### REQUIRED WORK:
Beginning at the line with "Menteri Koordinator Bidang" in the records below, return each line up to and including the last, exactly as it stands, but not the pictures.

┄┄┄┄┄┄

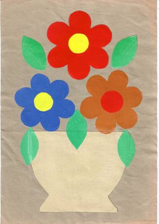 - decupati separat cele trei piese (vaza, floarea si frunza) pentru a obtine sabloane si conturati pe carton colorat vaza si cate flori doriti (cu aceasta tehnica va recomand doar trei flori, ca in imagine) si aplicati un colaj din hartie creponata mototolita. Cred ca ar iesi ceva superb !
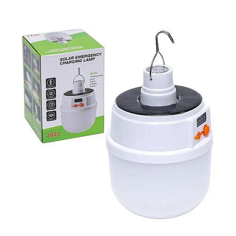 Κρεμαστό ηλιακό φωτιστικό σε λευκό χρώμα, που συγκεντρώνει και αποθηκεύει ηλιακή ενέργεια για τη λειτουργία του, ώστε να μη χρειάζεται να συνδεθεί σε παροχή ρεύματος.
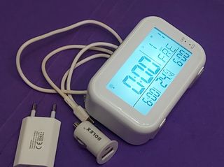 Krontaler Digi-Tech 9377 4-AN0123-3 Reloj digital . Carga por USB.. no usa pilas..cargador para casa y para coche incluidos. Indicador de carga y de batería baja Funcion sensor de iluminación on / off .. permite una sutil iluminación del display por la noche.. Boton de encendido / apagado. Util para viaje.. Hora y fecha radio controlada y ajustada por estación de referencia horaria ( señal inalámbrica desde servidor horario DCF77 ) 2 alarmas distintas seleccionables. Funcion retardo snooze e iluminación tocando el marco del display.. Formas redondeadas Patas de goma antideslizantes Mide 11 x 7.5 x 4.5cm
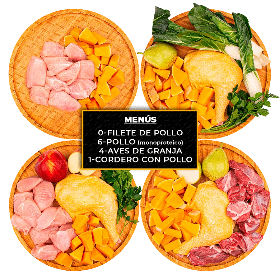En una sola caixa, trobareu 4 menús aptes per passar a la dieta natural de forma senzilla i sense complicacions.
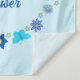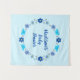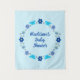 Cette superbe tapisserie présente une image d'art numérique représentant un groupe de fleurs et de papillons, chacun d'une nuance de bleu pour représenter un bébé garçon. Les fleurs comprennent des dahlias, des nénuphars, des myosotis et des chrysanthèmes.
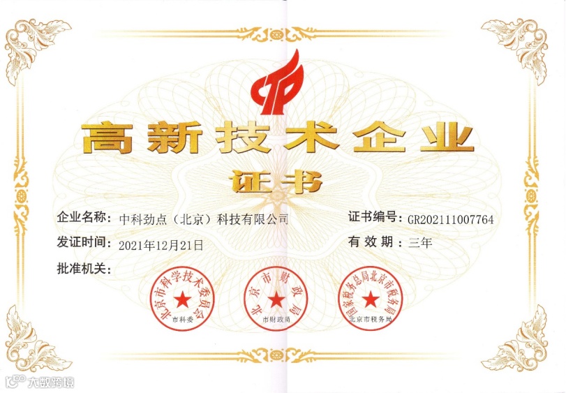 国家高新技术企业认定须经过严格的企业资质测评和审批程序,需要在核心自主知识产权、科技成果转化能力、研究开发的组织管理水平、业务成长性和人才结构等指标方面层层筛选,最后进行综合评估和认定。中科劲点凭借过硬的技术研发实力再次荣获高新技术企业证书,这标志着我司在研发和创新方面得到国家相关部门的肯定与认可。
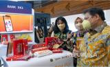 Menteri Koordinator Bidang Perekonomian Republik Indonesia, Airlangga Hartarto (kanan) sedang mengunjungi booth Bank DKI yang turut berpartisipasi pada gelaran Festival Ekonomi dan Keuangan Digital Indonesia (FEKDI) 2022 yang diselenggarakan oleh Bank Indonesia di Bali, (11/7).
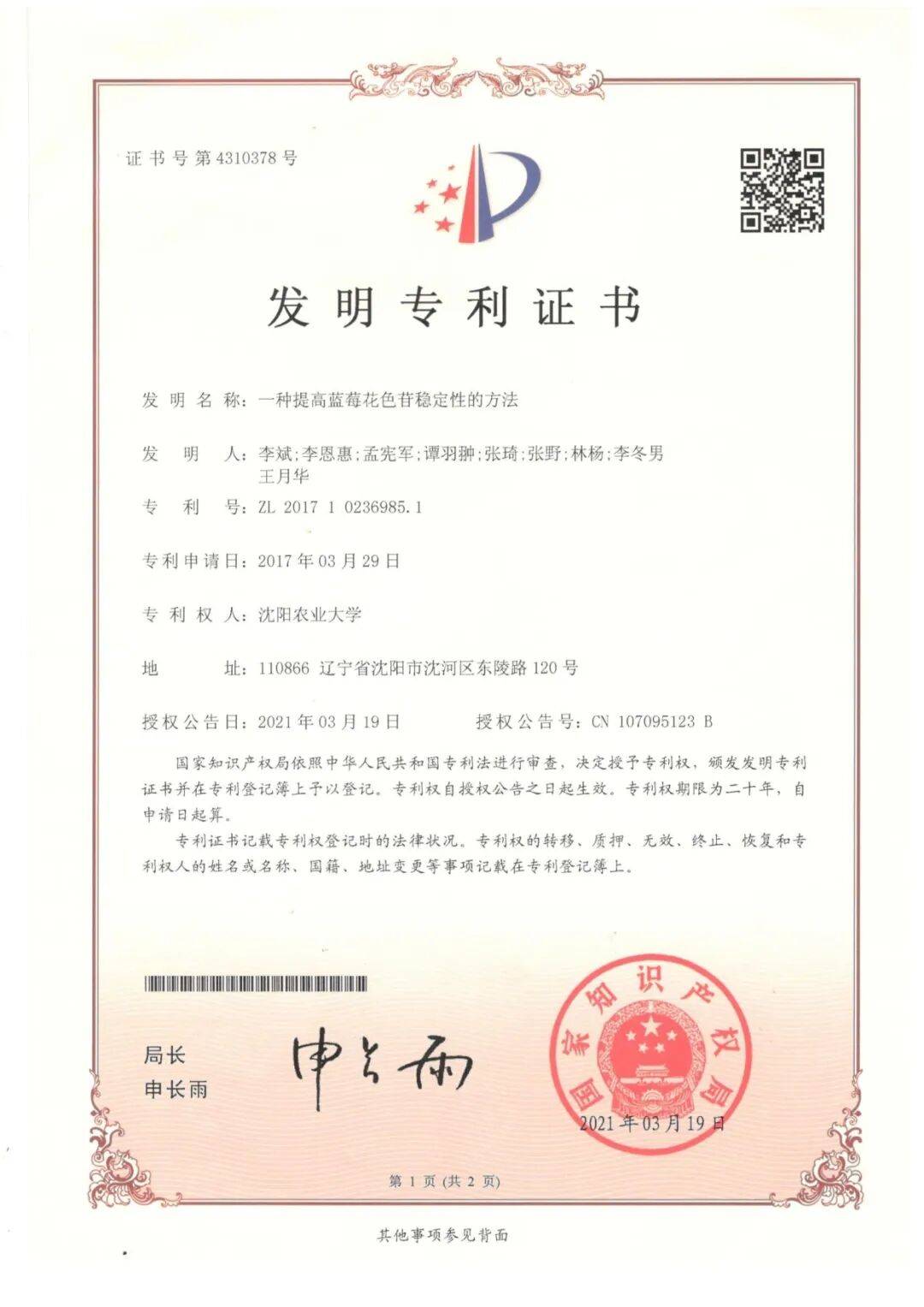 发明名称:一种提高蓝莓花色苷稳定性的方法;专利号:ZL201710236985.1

┄┄┄┄┄┄

### OUTPUT FOR THIS TASK:
 Menteri Koordinator Bidang Perekonomian Republik Indonesia, Airlangga Hartarto (kanan) sedang mengunjungi booth Bank DKI yang turut berpartisipasi pada gelaran Festival Ekonomi dan Keuangan Digital Indonesia (FEKDI) 2022 yang diselenggarakan oleh Bank Indonesia di Bali, (11/7).
 发明名称:一种提高蓝莓花色苷稳定性的方法;专利号:ZL201710236985.1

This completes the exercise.